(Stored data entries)
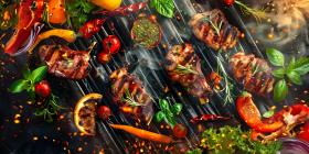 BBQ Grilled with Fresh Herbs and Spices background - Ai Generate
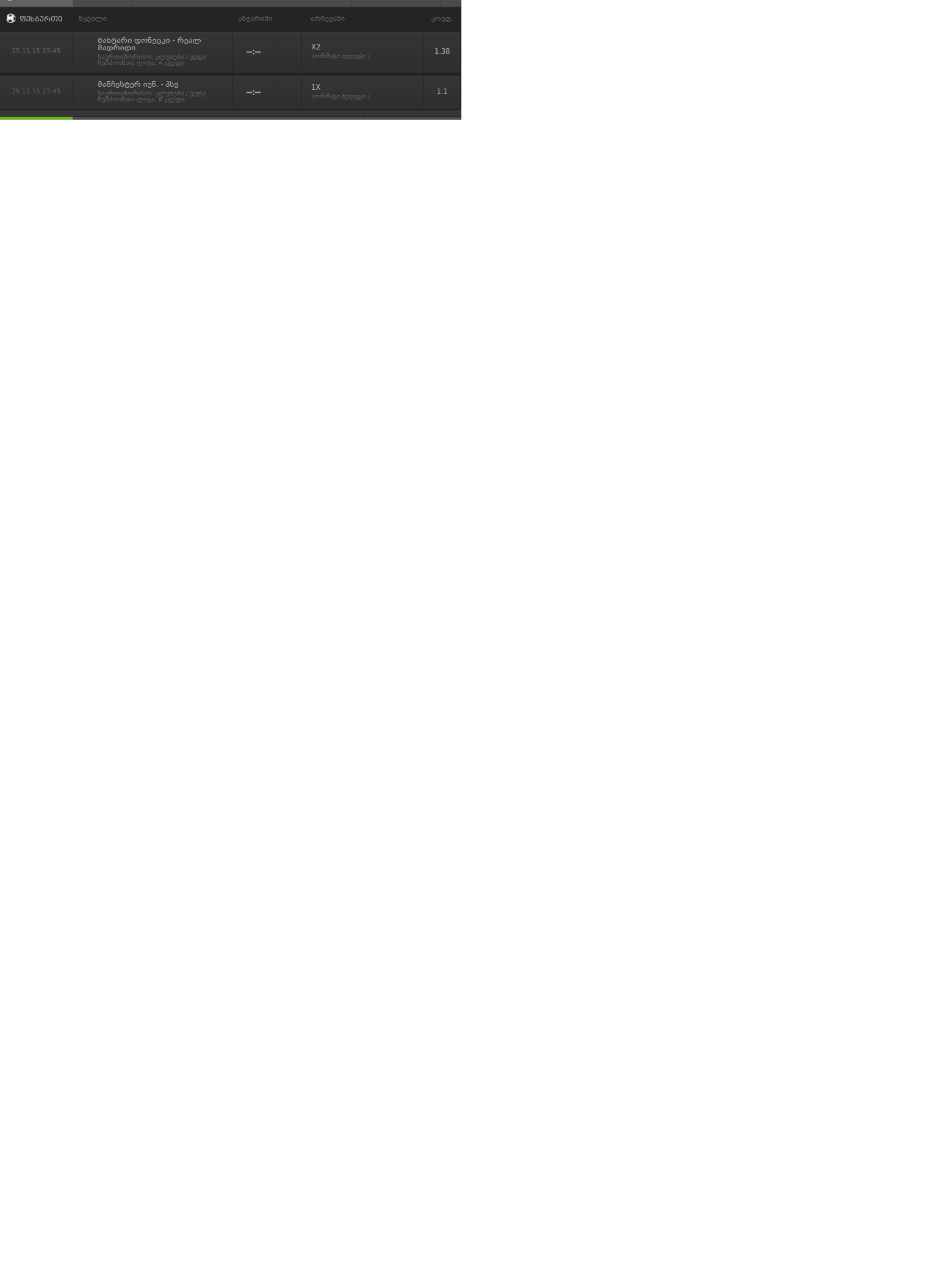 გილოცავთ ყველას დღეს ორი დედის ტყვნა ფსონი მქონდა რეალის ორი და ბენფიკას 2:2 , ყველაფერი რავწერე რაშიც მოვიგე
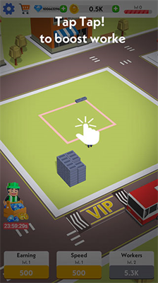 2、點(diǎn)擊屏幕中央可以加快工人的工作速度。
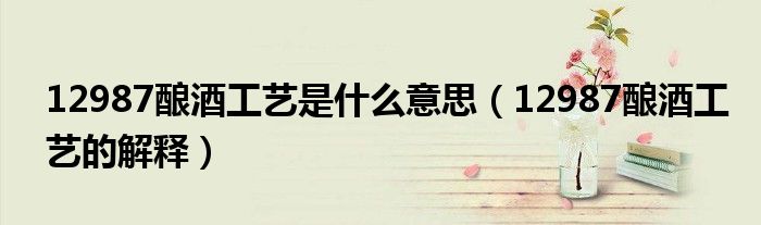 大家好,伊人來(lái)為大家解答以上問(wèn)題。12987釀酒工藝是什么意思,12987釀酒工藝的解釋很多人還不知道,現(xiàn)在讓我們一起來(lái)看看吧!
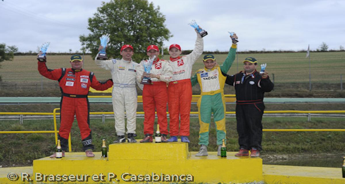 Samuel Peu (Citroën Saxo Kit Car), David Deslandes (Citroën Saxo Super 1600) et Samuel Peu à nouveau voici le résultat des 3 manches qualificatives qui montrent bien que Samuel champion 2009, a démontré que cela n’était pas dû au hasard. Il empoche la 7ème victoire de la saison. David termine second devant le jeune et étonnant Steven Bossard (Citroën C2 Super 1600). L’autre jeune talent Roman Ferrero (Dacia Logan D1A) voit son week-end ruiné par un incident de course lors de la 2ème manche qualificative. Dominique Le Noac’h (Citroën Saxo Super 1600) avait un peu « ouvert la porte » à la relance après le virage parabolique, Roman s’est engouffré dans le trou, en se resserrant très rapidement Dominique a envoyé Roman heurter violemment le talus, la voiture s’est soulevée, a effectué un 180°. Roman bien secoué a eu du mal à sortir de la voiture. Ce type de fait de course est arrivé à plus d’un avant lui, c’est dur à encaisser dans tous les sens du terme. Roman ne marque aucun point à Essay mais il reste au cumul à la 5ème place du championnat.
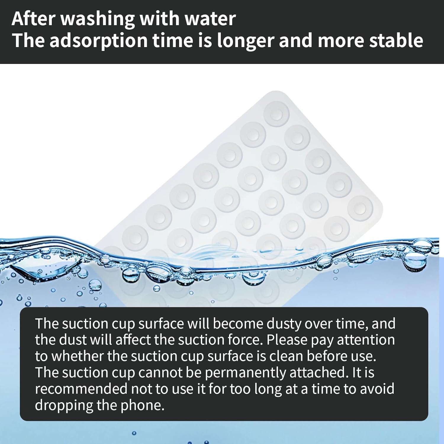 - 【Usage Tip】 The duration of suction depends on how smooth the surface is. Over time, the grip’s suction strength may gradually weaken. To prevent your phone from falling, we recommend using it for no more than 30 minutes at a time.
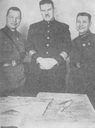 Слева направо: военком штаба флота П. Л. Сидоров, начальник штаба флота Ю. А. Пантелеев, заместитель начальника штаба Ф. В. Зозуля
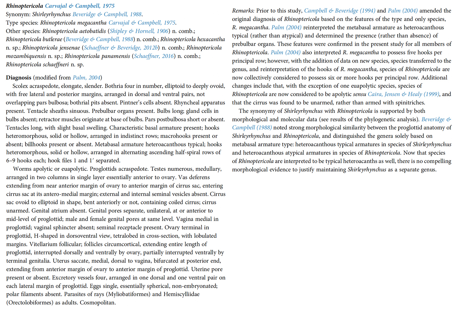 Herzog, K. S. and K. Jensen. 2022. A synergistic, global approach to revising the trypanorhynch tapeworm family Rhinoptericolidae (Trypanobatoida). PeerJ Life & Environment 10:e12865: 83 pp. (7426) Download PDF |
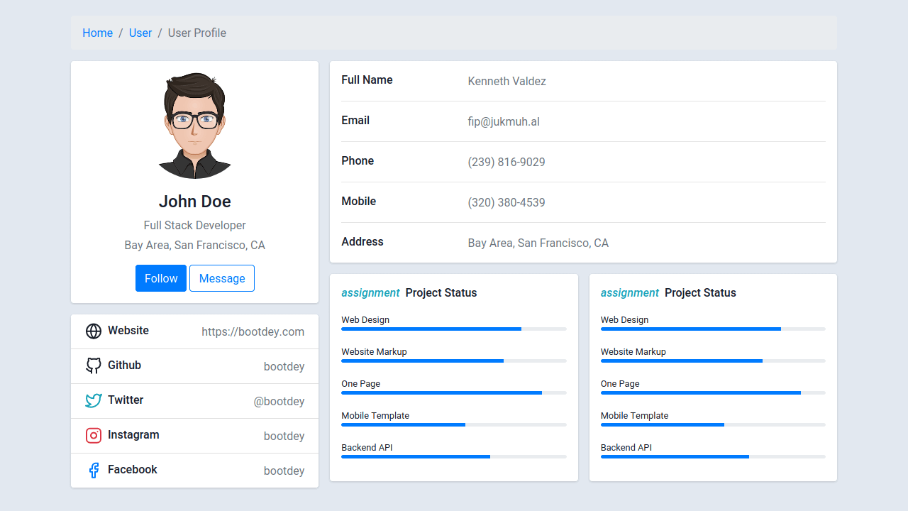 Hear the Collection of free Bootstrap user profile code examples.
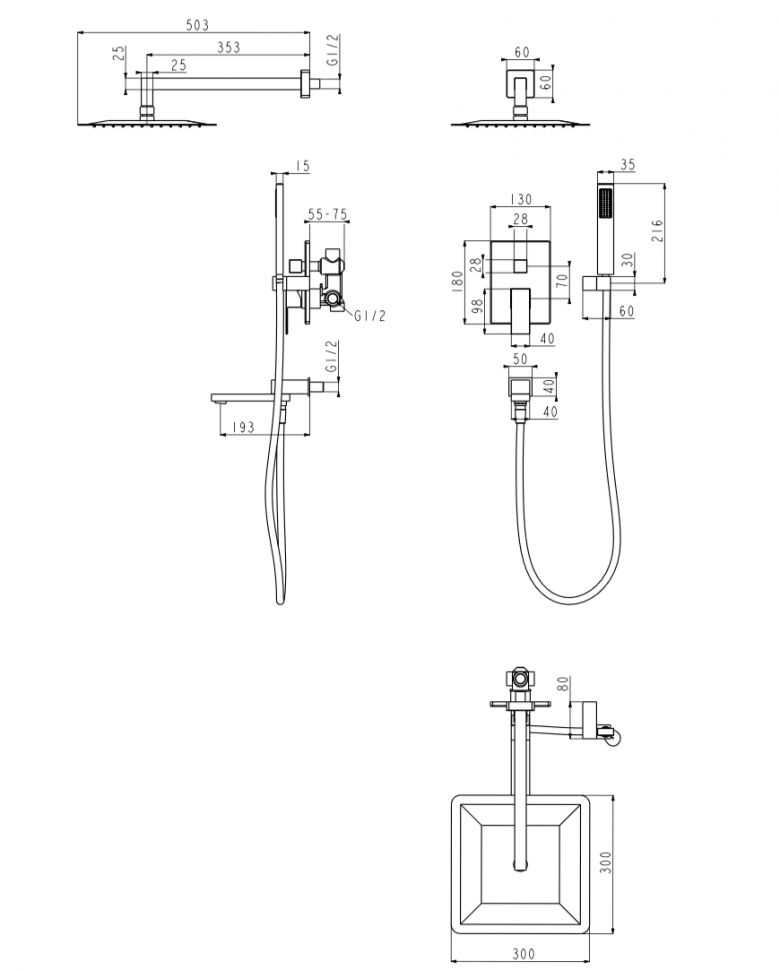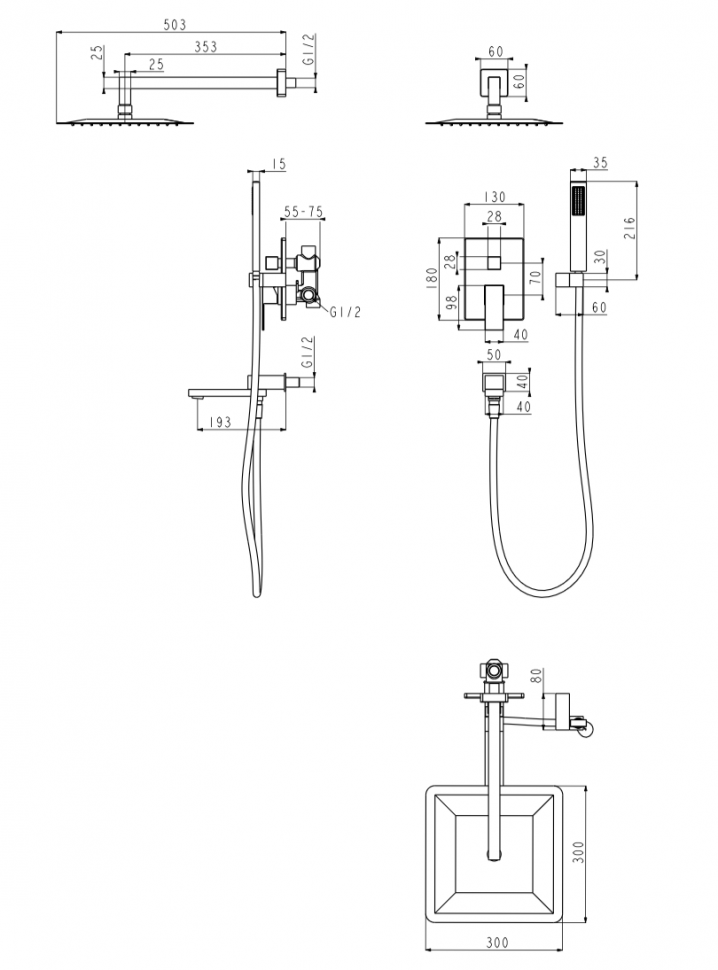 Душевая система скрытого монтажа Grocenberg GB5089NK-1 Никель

==

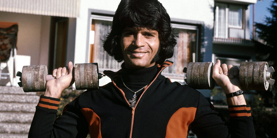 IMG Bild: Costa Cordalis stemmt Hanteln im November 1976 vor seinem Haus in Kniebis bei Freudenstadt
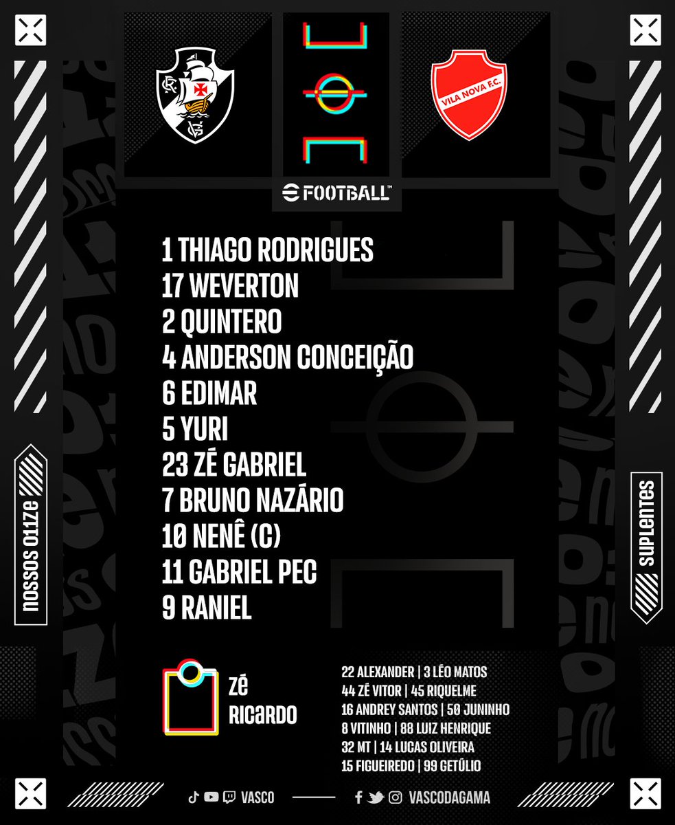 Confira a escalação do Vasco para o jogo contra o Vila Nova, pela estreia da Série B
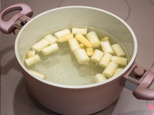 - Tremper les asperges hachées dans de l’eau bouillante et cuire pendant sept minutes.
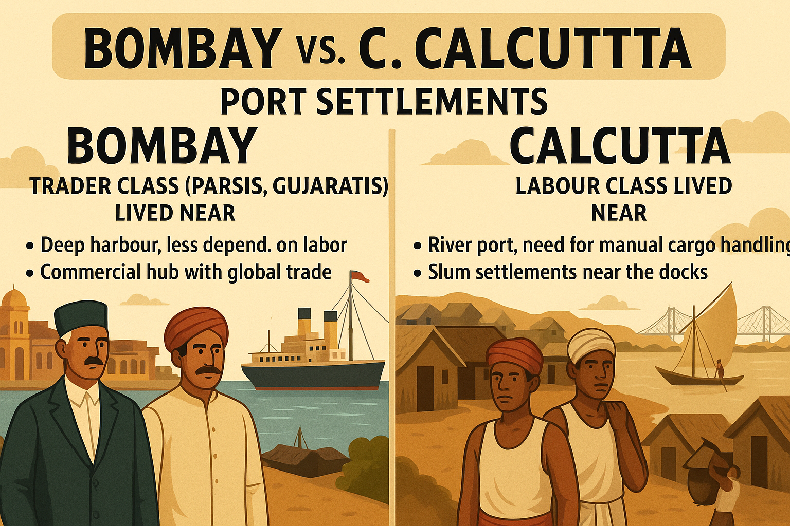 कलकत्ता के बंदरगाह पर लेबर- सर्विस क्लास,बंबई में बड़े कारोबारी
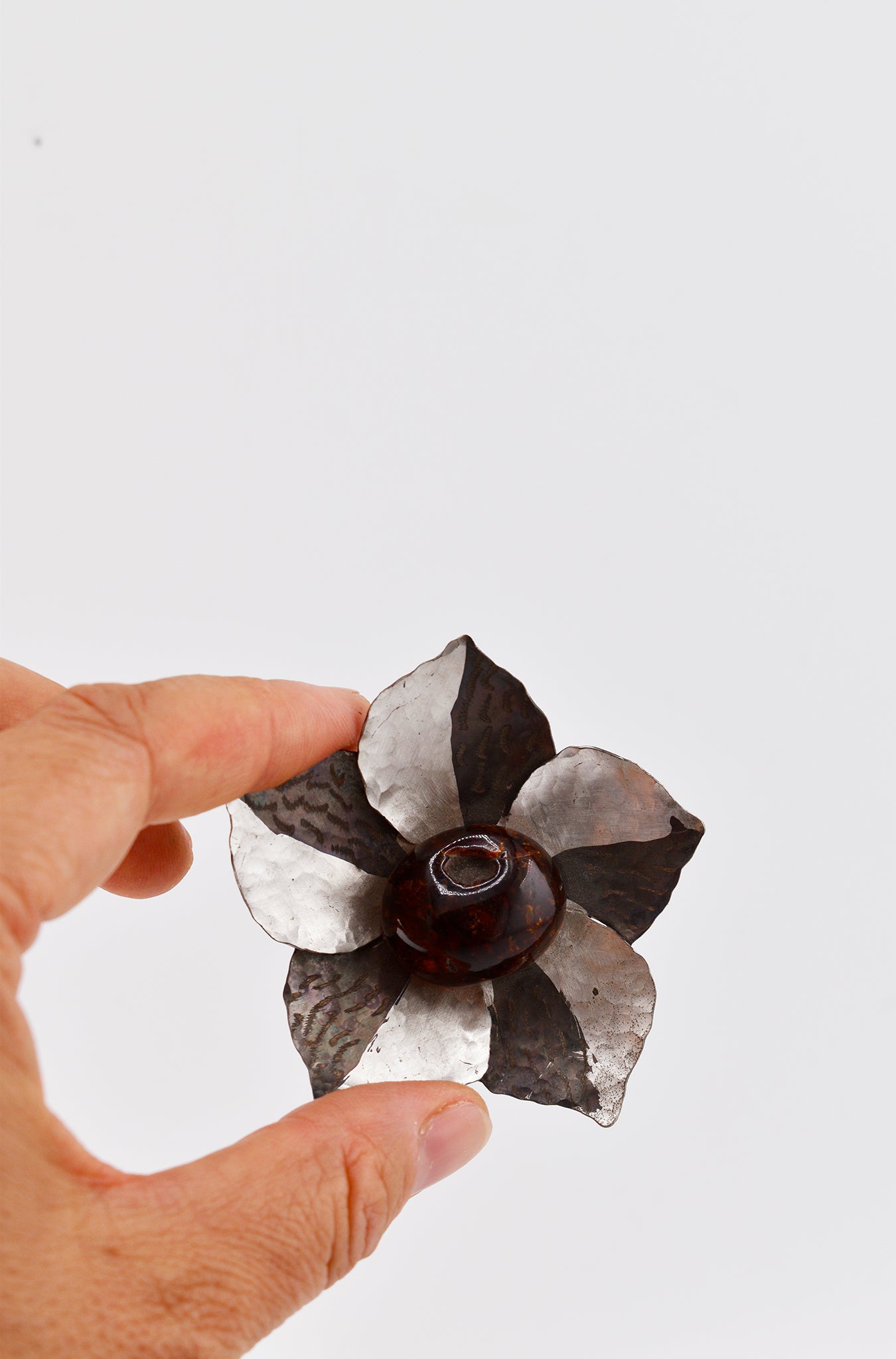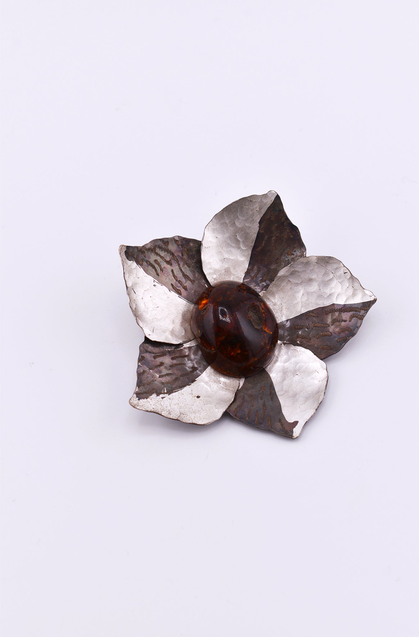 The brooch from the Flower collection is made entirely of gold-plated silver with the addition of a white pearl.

*Exercise directions*. Would you restate, exactly and with no pictures, the lines of the entries above from the one containing "- Tremper les" through the one containing "The brooch from"?

*Exercise solution*.
 - Tremper les asperges hachées dans de l’eau bouillante et cuire pendant sept minutes.
 कलकत्ता के बंदरगाह पर लेबर- सर्विस क्लास,बंबई में बड़े कारोबारी
 The brooch from the Flower collection is made entirely of gold-plated silver with the addition of a white pearl.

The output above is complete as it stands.